* Supplied material:

──────────────────────────────

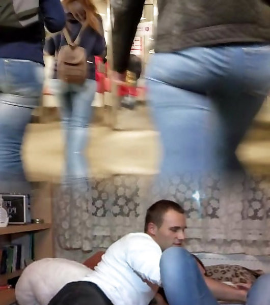 xxx street candid ordering fast food uber-sexy black-haired taut denim
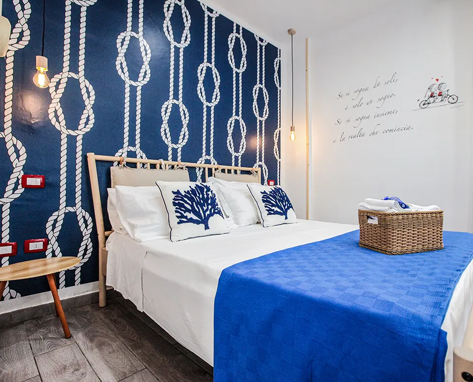 La Camera Matrimoniale offre un ambiente accogliente e dal design essenziale, molto apprezzata dai nostri ospiti grazie alla sua ampia finestra con vista sul mare.
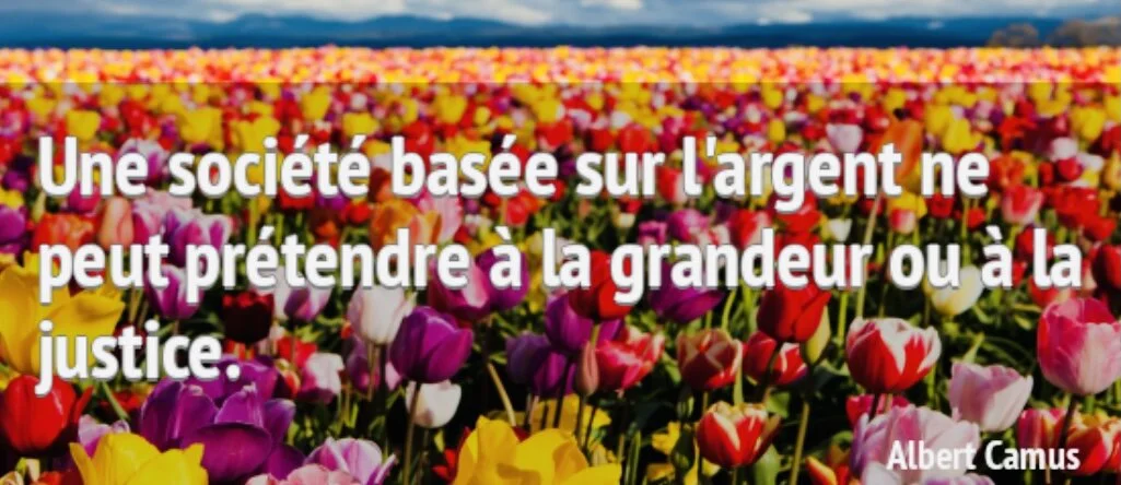 חברה המבוססת על כסף אינה יכולה לתבוע גדלות או צדק. אלבר קאמי
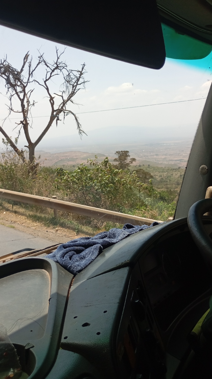 The image captures an exterior landscape view from inside a vehicle, specifically from the passenger side, looking forward and slightly downward. The scene depicts a dry, hilly, and expansive rural environment consistent with Lari/Kirenya ward, Kenya. In the immediate foreground, the dark green dashboard of the vehicle is visible, showing wear, including several circular indentations or holes on the right-hand side. A crumpled dark blue terry cloth towel rests on the dashboard near the center. The steering wheel is partially visible on the far right. Above, a dark sun visor is folded down, and the top portion of the windshield shows a blue-green tint. Through the windshield, a paved road curves from the lower left towards the mid-left. Parallel to the road, a metal guardrail, light brown or tan in color, runs across the mid-ground. Beyond the guardrail, dry, sparse vegetation and bushes cover an elevated embankment. A prominent, leafless, gnarled tree with dark branches stands on the left side of the embankment, silhouetted against the sky. The background reveals a vast, hazy valley or plain extending into the distance, characterized by brownish-green vegetation and irregular terrain. Faint indications of structures or settlements are discernible in the far distance. The sky is a pale blue with a few scattered white clouds, suggesting clear, sunny weather. The overall impression is a high vantage point overlooking a wide, semi-arid landscape under daylight conditions. No people are visible.

──────────────────────────────

* How to complete this task: Write out exactly the lines of the material above, starting with the first and finishing with the line that contains "חברה המבוססת על", without pictures.

* Written response:
 xxx street candid ordering fast food uber-sexy black-haired taut denim
 La Camera Matrimoniale offre un ambiente accogliente e dal design essenziale, molto apprezzata dai nostri ospiti grazie alla sua ampia finestra con vista sul mare.
 חברה המבוססת על כסף אינה יכולה לתבוע גדלות או צדק. אלבר קאמי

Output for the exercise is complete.